Neural Networks as Graphs
In mlr3torch, nn_modules are wrapped in a
PipeOpModule. This has the advantage that the network
structure can be represented as an mlr3pipelines::Graph
object where it is made explicit (can be plotted, can be extended or
manipulated), compared to e.g. writing a function that pipes input
through a series of modules.
A PipeOpModule can be used to wrap a module directly,
but it is usually constructed by a PipeOpTorch (see later).
It typically has a single input and a single output, although multiple
inputs are possible (module is then called with multiple arguments), and
multiple outputs are possible when the module-function returns a list.
The input and output channels must be explicitly declared then during
construction. We will now continue to recreate the above network using
PipeOpModules.
We can wrap the linear module_1 layers like this:
Note that po("module_1") is equivalent to
po("module", id = "module_1"). This mechanism is convenient
to avoid ID clashes in graphs that contain the same PipeOp
multiple times.
We can use the generated PipeOp in the familiar way:
output = po_module_1$train(list(input))[[1]]
output
#> torch_tensor
#> 0.1785 -0.0593 -0.4577 -0.5281
#> 0.7633 0.1062 -0.4100 -0.7551
#> [ CPUFloatType{2,4} ][ grad_fn = <AddmmBackward0> ]Note we only use the $train(), since torch modules do
not have anything that maps to the state (it is filled by
an empty list).
The single hidden layer neural network can be constructed as a
Graph, which can then do the training all at once.
po_activation = po("module", id = "activation", activation)
po_module_2 = po("module_2", module = module_2)
po_softmax = po("module", id = "softmax", module = softmax)
module_graph = po_module_1 %>>%
po_activation %>>%
po_module_2 %>>%
po_softmax
module_graph$plot(html = TRUE)We can now use the graph’s $train() method to pipe a
tensor through the whole Graph.
output = module_graph$train(input)[[1]]
output
#> torch_tensor
#> 0.2276 0.3846 0.3878
#> 0.2154 0.3835 0.4011
#> [ CPUFloatType{2,3} ][ grad_fn = <SoftmaxBackward0> ]While this object allows to easily perform a forward pass, it does
not inherit from nn_module, which is useful for various
reasons. Instead of having a class that inherits both from
nn_module and Graph (which does not work in
R6, since multiple inheritance is not available), there is a class that
inherits from nn_module and contains a Graph
member slot through composition. This class is nn_graph. It
is constructed with a Graph, as well as information about
the shape(s) of the torch_tensor(s) it expects as
inputs.
Shape info is communicated as an integer-valued numeric
vector; dimensions that are arbitrary, e.g. batch-size, is given as
NA. Our network expects an input of shape
c(NA, 3), since the first layer was created as
nn_linear(in_features = 3, ...).
If the Graph has multiple outputs, it is also possible
to select a subset of outputs to use, or change the output order, by
giving the output_map argument.
# the name of the single input is:
module_graph$input
#> name train predict op.id channel.name
#> <char> <char> <char> <char> <char>
#> 1: module_1.input torch_tensor NULL module_1 input
graph_module = nn_graph(
module_graph,
shapes_in = list(module_1.input = c(NA, 3))

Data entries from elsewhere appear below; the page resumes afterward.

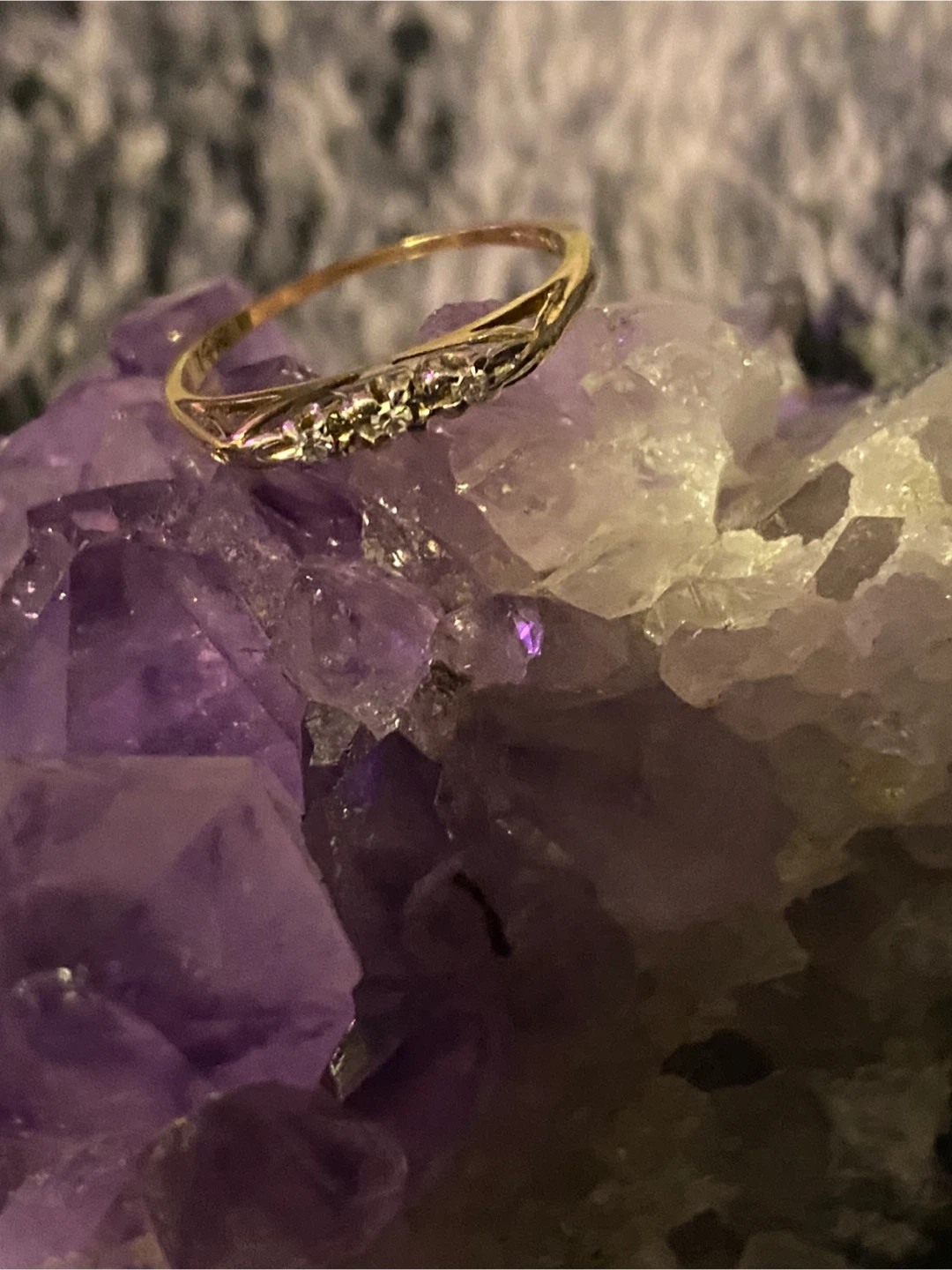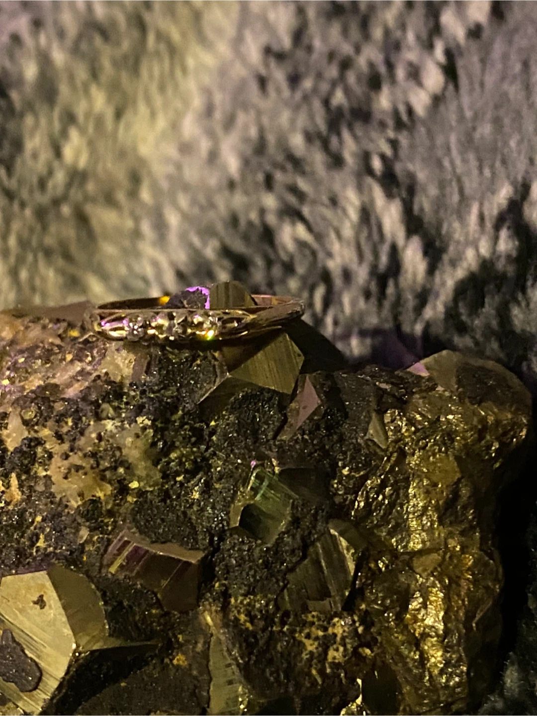 Selling a beautiful 14 karat 1.5 grams size 6 and a half gold ring featuring small diamonds. It's in great condition and would make a lovely addition to anyone's jewelry collection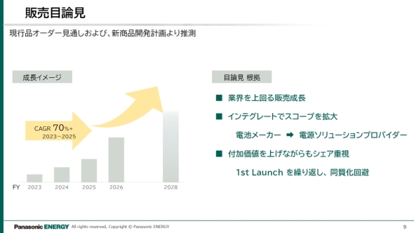 ESS事業の売上高は2023〜2025年度の3年間で年平均成長率70%以上で伸びている。2026年度以降は、ポジションニングを電池メーカーから電源ソリューションプロバイダーに移行することでさらに大きく売上高を伸ばす見込みである。利益面でも、パナソニック エナジー全体の営業利益率13.8%を上回るなどけん引する役割にある。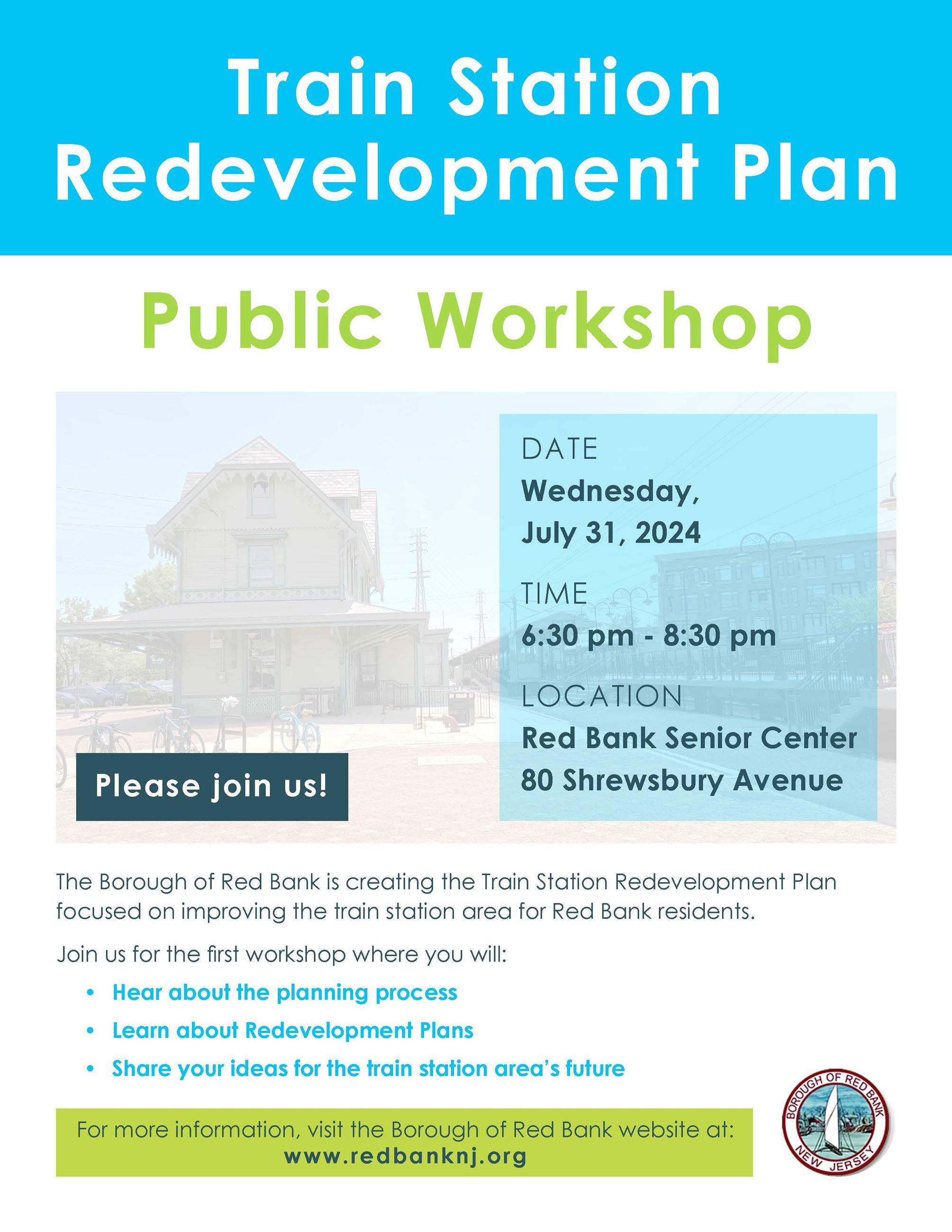 Join us for the first workshop where you will: • Hear about the planning process • Learn about Redevelopment Plans • Share your ideas for the train station area’s future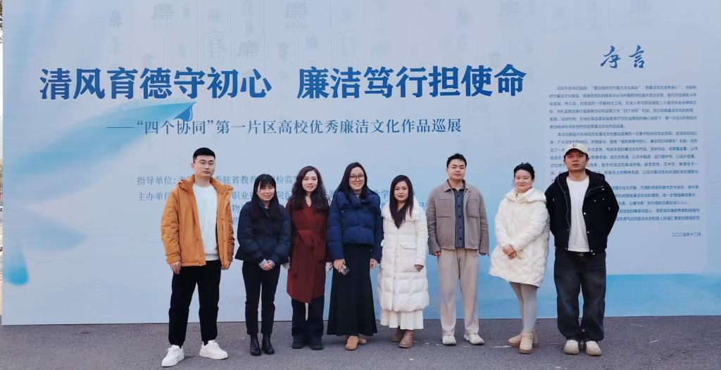 本次巡展由省纪委监委驻省教育厅纪检监察组指导,六所高校纪委联合主办,汇集六校师生创作的书法、绘画、创意设计、纪实摄影、主题海报等各类廉洁主题作品。展品主题鲜明、品类丰富、内涵厚重,全方位展现了片区高校廉政文化建设的扎实成效与师生对廉洁价值的深刻认同,既让师生在艺术熏陶中感悟廉洁初心、涵养高尚情操,更搭建起校际廉洁文化交流互鉴的优质平台,更推动廉洁理念入脑入心,警醒全体成员守底线、葆初心。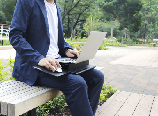 机がなくてもひざ上で使える、マウスパッド付きのPCケースです。最大13.3インチサイズまでのノートPCに対応しています。つまみを引き出せばマウスパッドになり、ひざ上でのマウス操作が可能になります。また、フタを折り返すとPCスタンドとして使用でき、体の負担を軽減します。小物をまとめて持ち運べるメッシュポケットも搭載しています。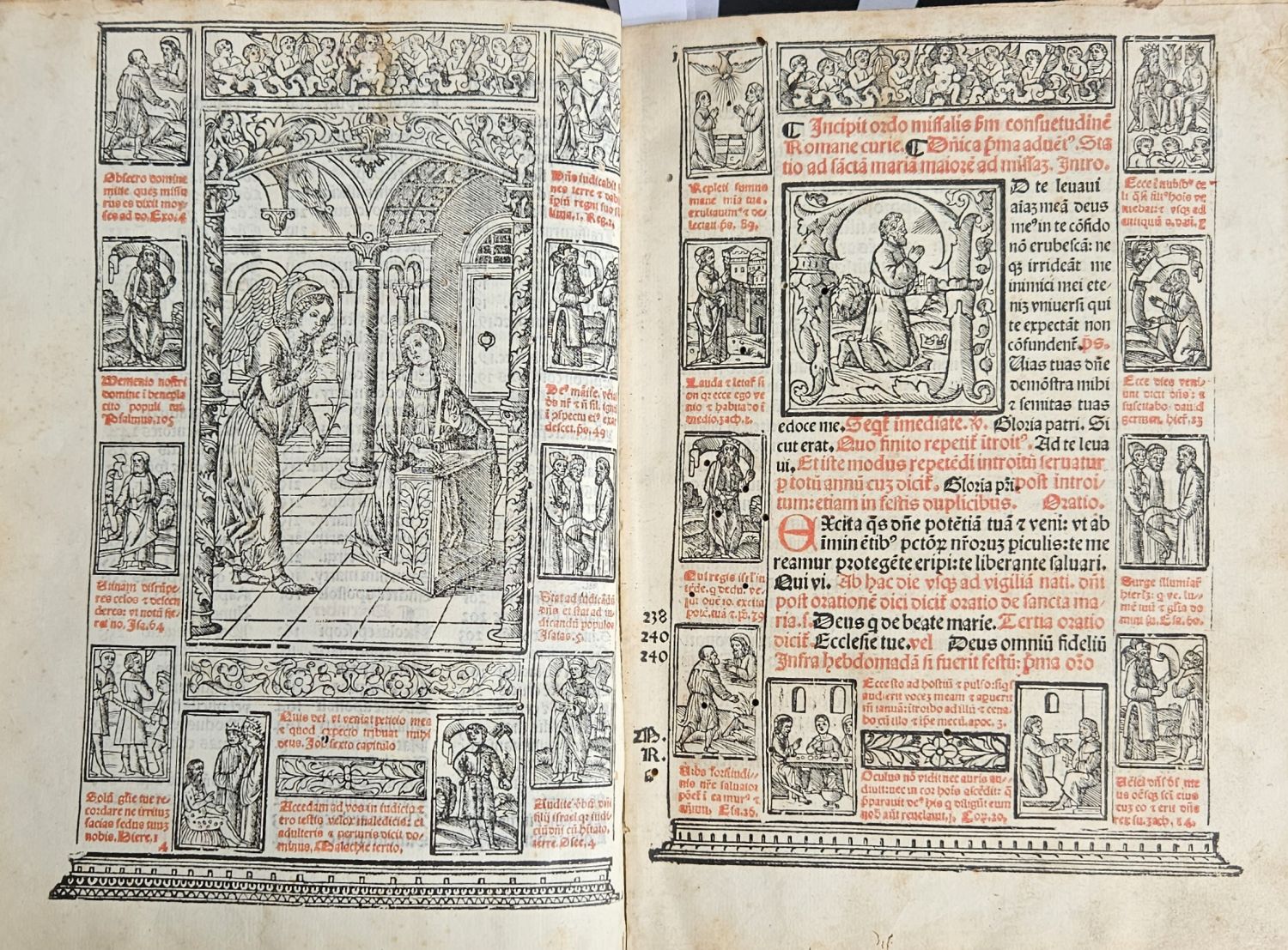 Missale Romanum nouiter ip[m]ressum cum annotationibus in margine ad facillime o[mn]ia que in ipso ad alias paginas rmittunt i[n]uenienda: Et quu[m] alicinus sancti missa i[m]perfecta est: notatus est locus vbi ingri debeat. Insuper cu[m] figuris festi, uitatum ac euangelior[u]m initia exornantibus iuxta materia[m] co[n]tenta[m] diligentissime acco[m]modatis.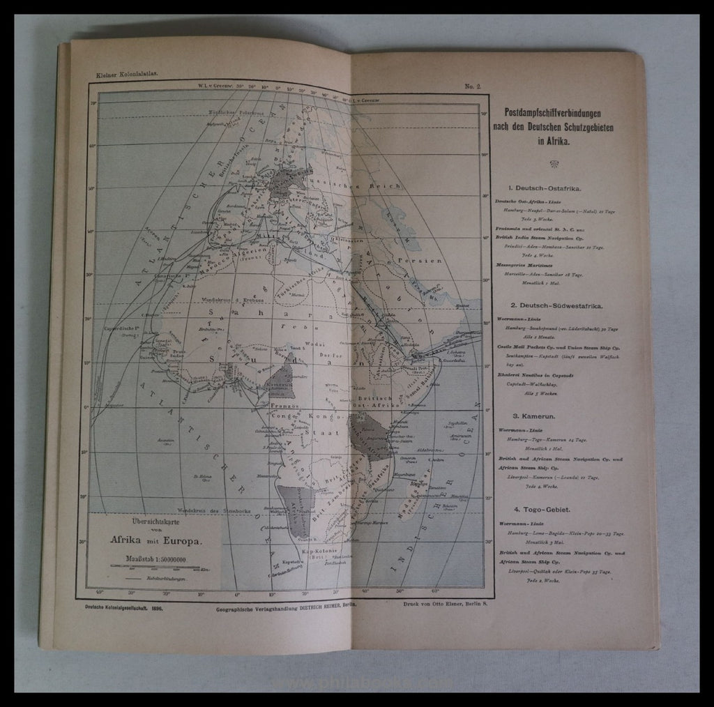 Small German Colonial Atlas, published by the German Colonial Society, 1896, original edition, 2 sheets with a small tear on the side, otherwise an above-average well-preserved copy without binding defects, #71525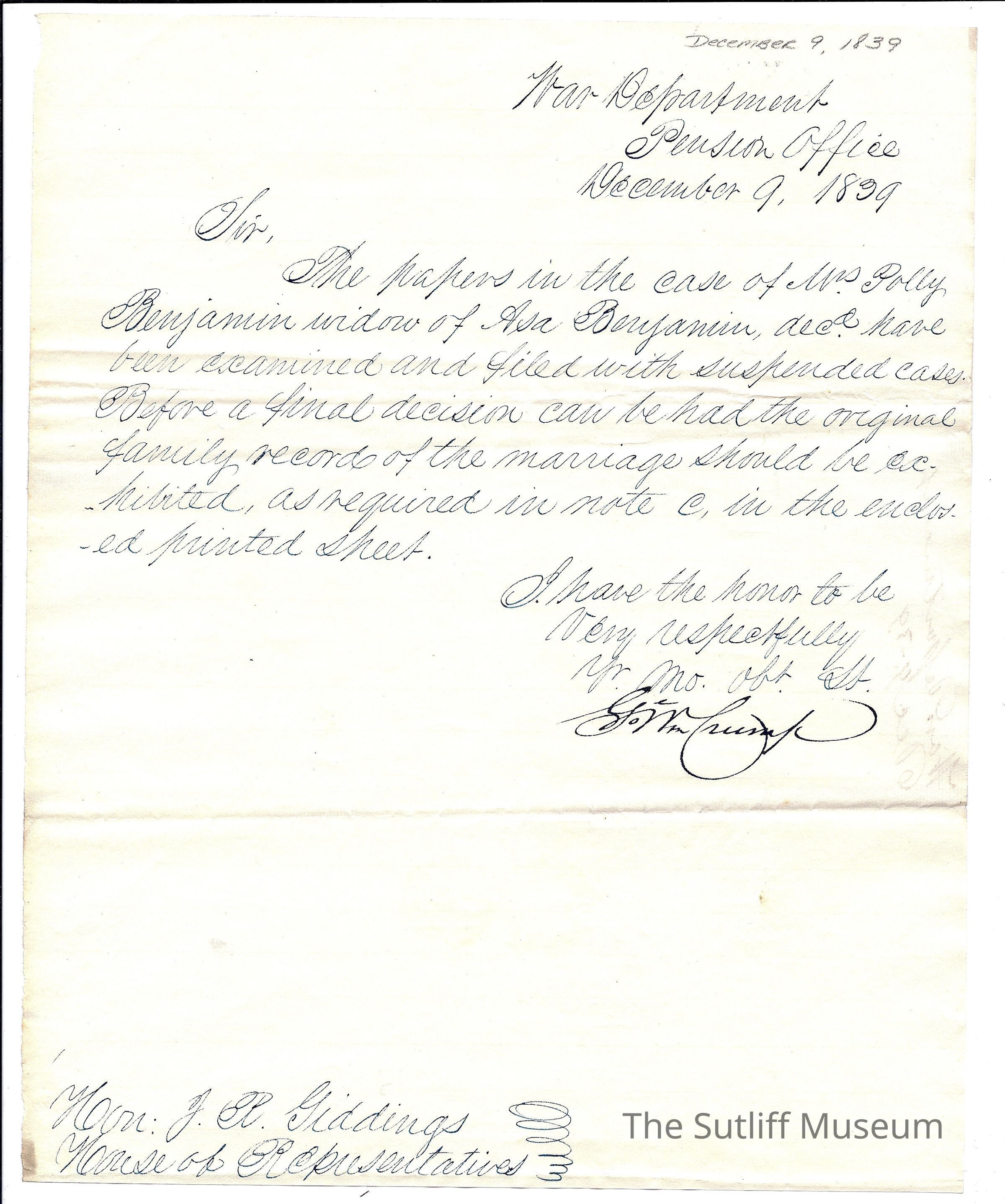 A letter from Joshua Reed Giddings to the War Department regarding a legal case of the Benjamin family.Collection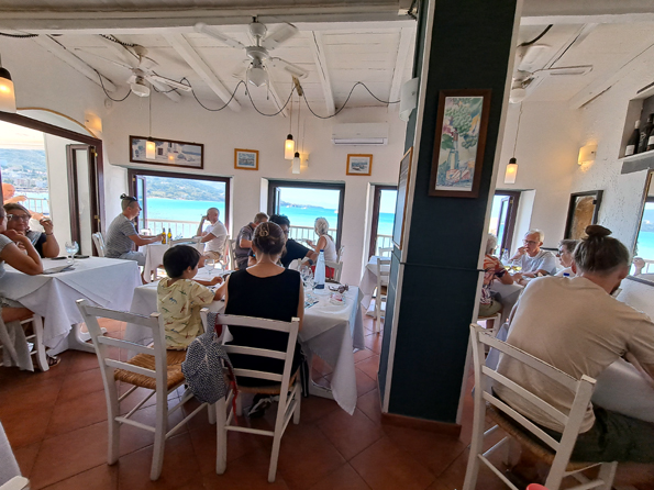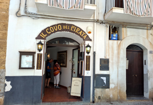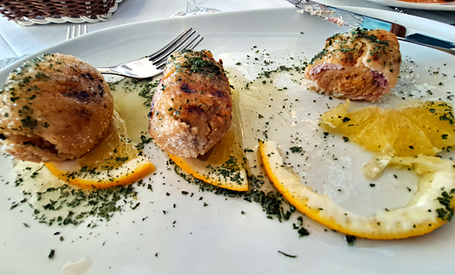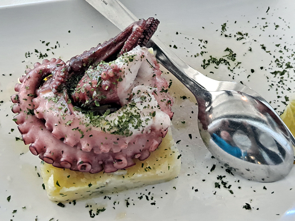 Le déjeuner étant libre, je fais table avec quatre autres personnes, les deux couples de l’infirmière et des profs au restaurant Al Pescatore sur la piazzetta di Marina Corta où trône la statue de san Bartolomeo. Je prends un poulpe grillé servi avec deux lambeaux de fromage, une tomate cerise sur une cuillerée d’encre de seiche et une cuillère à café de purée de pois verts. C’est le style nouvelle cuisine pour 20 € avec une salade de roquette, fenouil et quartiers d’orange assaisonnée d’huile d’olive et de vinaigre balsamique. Je retiens la recette.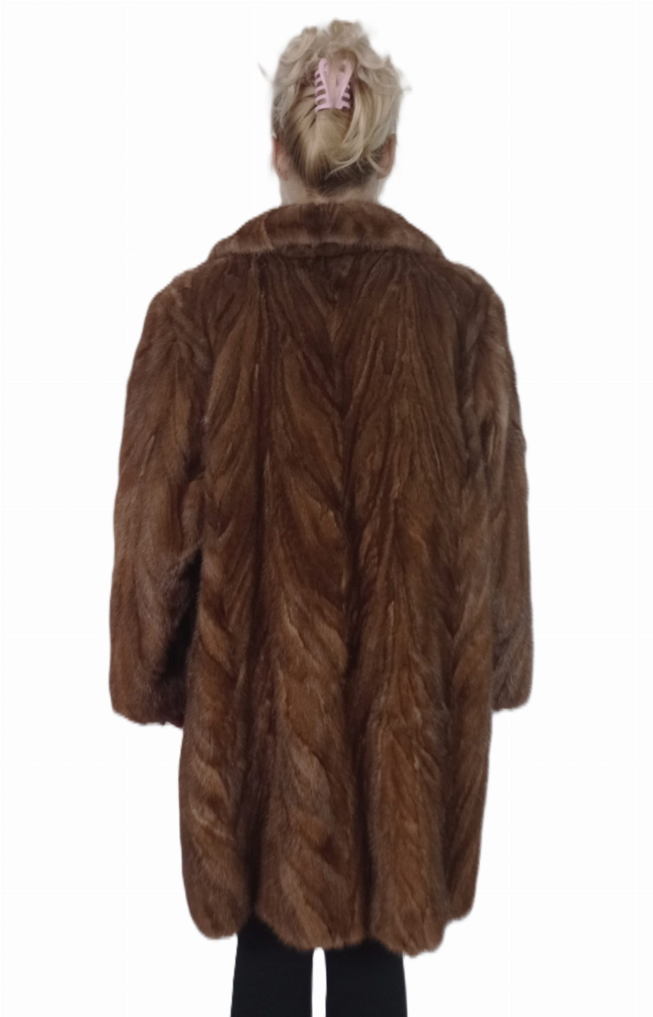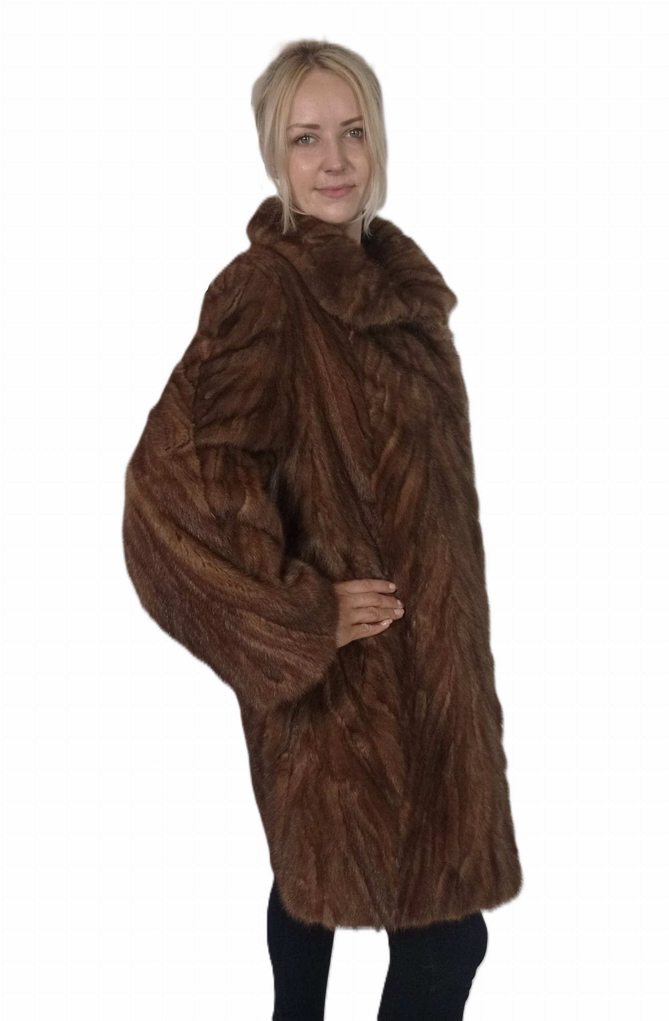 Wyjątkowe futro wykonane z precyzyjnie zszywanych kawałków naturalnego futra norek w ponadczasowym odcieniu brązu.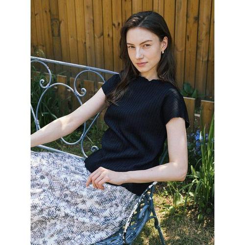 요하넥스 라운드넥 플리츠 포인트 쉬폰원피스(블랙)

)This module gives us the convenience of torch nn_module
objects, e.g.:
graph_module$children
#> $module_list
#> An `nn_module` containing 31 parameters.
#>
#> ── Modules ─────────────────────────────────────────────────────────────────────
#> • 0: <nn_linear> #16 parameters
#> • 1: <nn_sigmoid> #0 parameters
#> • 2: <nn_linear> #15 parameters
#> • 3: <nn_softmax> #0 parametersAnd it can be used to transform tensors just as any other
torch::nn_module:
graph_module(input)
#> torch_tensor
#> 0.2276 0.3846 0.3878
#> 0.2154 0.3835 0.4011
#> [ CPUFloatType{2,3} ][ grad_fn = <SoftmaxBackward0> ]Building Torch Models for Tasks using PipeOpTorch
ModelDescriptor
The PipeOpModule represents an nn_module
that is fixed for a specific tensor shape and which has no
hyperparameters. When constructing a neural network using these
operators, one has to take care to have the output shape of operations
match the input shapes of the following operations.
A complete Graph of matching PipeOpModules
can be constructed using operators that mostly inherit from
PipeOpTorch, making use of the ModelDescriptor
class. The ModelDescriptor class contains a
Graph of (mostly) PipeOpModules and some other
information. The PipeOpTorch transforms a
ModelDescriptor and adds more PipeOpModules to
the Graph.
ModelDescriptors always build up a Graph
for a specific Task. The easiest way to initialize a proper
ModelDescriptor is to use the appropriate
PipeOpTorchIngress for a given datatype. Below we use
PipeOpTorchIngressNumeric, which is is is used for numeric
data.
task = tsk("iris")$select(colnames(iris)[1:3])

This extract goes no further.